For many Texas co-parents, relocating to another state is their “white whale:” relentlessly sought after, but seldom granted by the family courts. However, one Texas mother recently obtained the (nearly) unobtainable. This mother had spent years dealing with a co-parent, the father, who made even the simplest of child-rearing decisions difficult. The father had cancelled dentist appointments without telling the mother, hid the children from their mother, taught the children how to fight (by telling them to hit the mother), and refused to consent to the children’s enrollment in daycare despite one of the children suffering from speech delays that required professional attention. Nonetheless, this mother persisted.

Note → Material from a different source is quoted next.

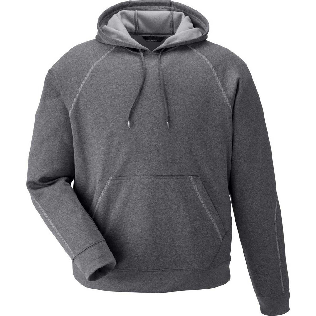 When the temperature drops like a rock, you want a hoodie that offers maximum protection against the onslaught of cold weather. The North End Men's Carbon Heather Pivot Performance Fleece Hoodie contains 100% polyester brushed back fleece to protect you against Old Man Winter. Moisture wicking technology ensures you can tighten the draw cord hood and not worry about sweat build up on the skin. Spandex matching waistband and rib cuffs adapt to body shape changes to ensure comfort. Warm your hands in the front pouch pocket that also acts as the perfect storage location for your valuables.Highlights
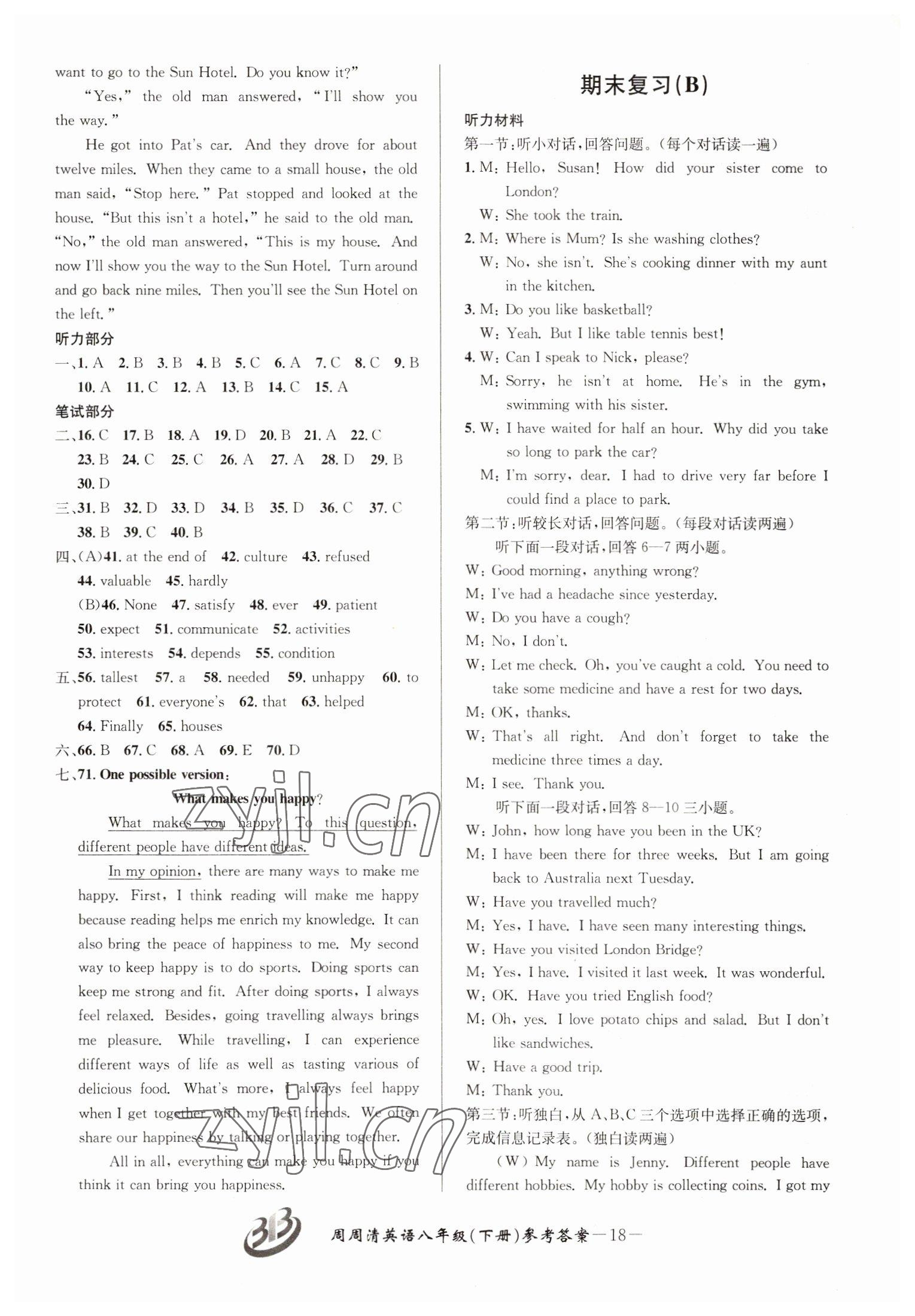 注:目前有些书本章节名称可能整理的还不是很完善,但都是按照顺序排列的,请同学们按照顺序仔细查找。练习册 2022年周周清检测八年级英语下册外研版 答案主要是用来给同学们做完题方便对答案用的,请勿直接抄袭。

After divorcing the children’s father, the mother began a long-term relationship with a man who lived in Monroe, Louisiana and with whom she eventually had a child. As time progressed, it became evident that Monroe was the mother’s white whale; she found a medical specialist in town for her children’s special needs, she found an attractive job opportunity, and she discovered that Monroe could offer her children a better education than their current schools. There was just one issue: mother’s divorce decree imposed a geographic restriction on the children’s primary residence, limiting their residence to within Texarkana. Ever the fighter, Mother immediately filed a modification suit requesting that this restriction be lifted.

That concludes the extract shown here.